I'm a huge simp for M1 too (and there's SVE there too). Yeah for client stuff if you can get people to just buy a macbook that's the best answer right now, if that does their daily tasks. Places need to start thinking about building ARM images anyway, for Ampere and Graviton and other cost-effective server environments if nothing else. If you are that glued at the hip to x86 is time to look at solving this problem.

Apple's p-cores get the limelight but the e-cores are simply ridiculous for their size... they are 0.69mm^2 vs 1.7mm2 for gracemont, excluding cache. Gracemont is Intel 7, so it's a node behind, but, real-world scaling is about 1.5-1.6x between 5nm and 6nm so that works out to about 1.1mm2 for Avalanche if it were 7nm, for equal/better performance to gracemont, at much lower power.

https://www.reddit.com/r/hardware/comments/qlcptr/m1_pro_10c...

Sierra Forest (bunch of nextmont on a server die, like Denverton) looks super interesting and I'd absolutely love to see an Apple equivalent, give me 256 blizzard cores on a chiplet and 512 or 1024 on a package. Or even just an M1 Ultra X-Serve would be fantastic (although the large GPU does go unutilized). But I don't think Apple wants to get into that market so far from what I've seen.

(tangent but everyone says "Gracemont is optimized for size not efficiency!" and I don't know what that means in a practical sense. High-density cell libraries are both smaller and more efficient. So if people meant that they were using high-performance libraries that would be both bigger and less efficient (but clock higher).
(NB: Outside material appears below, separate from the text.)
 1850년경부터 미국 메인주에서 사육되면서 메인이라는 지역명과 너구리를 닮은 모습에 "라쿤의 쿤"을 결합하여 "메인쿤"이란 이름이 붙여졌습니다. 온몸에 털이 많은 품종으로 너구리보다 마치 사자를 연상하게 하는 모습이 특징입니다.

If it's high density it'd be smaller and more efficient but clock lower. Those two things go together. And yes everyone uses a mix of different types of cells, with high-performance cells on the timing hot-path... but "gracemont is optimized for size not efficiency" has become this meme that everyone chants and I don't know what that actually is supposed to mean. If anyone knows what that's supposed to be, please do tell.)
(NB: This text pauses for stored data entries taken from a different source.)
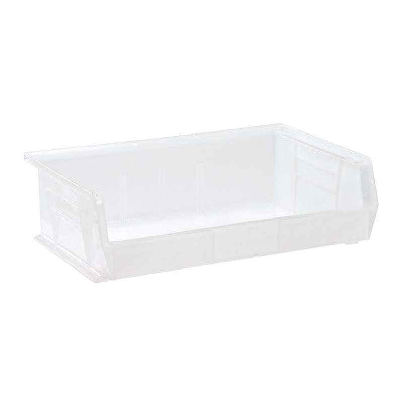 The QUS245CL Clear-View Ultra hang and stack bin is tough and durable. It can be used to organize your inventory.
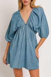 Denim Ballon Sleeve Dress in light denim style #: MD6556
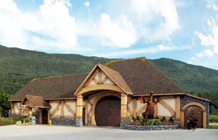While we could have built an inexpensive, utilitarian steel building, we instead decided to build something much more imaginative. We would be looking at this building for many years to come. It has to give our customers a clear idea of what we did inside as well. The construction is of concrete filled styrofoam blocks, which provide awesome sound and heat insulation. The exterior is of sculpted concrete, allowing us to give it a fairytale look with oversize timbers and colorful stonework. A giant 12’ dragon flies over the planter out front. Massive, riveted, magic doors dominate the center of the building. This is no ordinary place.

(also, as you can see from the size comparison... despite the "it's optimized for size" meme, gracemont still isn't really small, not like Blizzard is small. they're using ~50% more transistors to get to the same place, and it's almost half the size of a full zen3 core with SMT and all the bells and whistles... I really think e-cores are where the music stops with the x86 party, I think i-cache and decoders are fine on the big cores but as you scale downwards they start taking up a larger and larger portion of the core area that remains... it is Amdahl's Law in action with area, if i-cache and decoding doesn't scale then reducing the core increases the fraction devoted to i-cache/decoding. And if you scale it down then you pay more penalty for x86-ness in other places, like having to run the decoder. And you have to run the i-cache at all times even when the chip is idling, otherwise you are decoding a lot more. It just is a lot of power overhead for the things you use an e-core for.)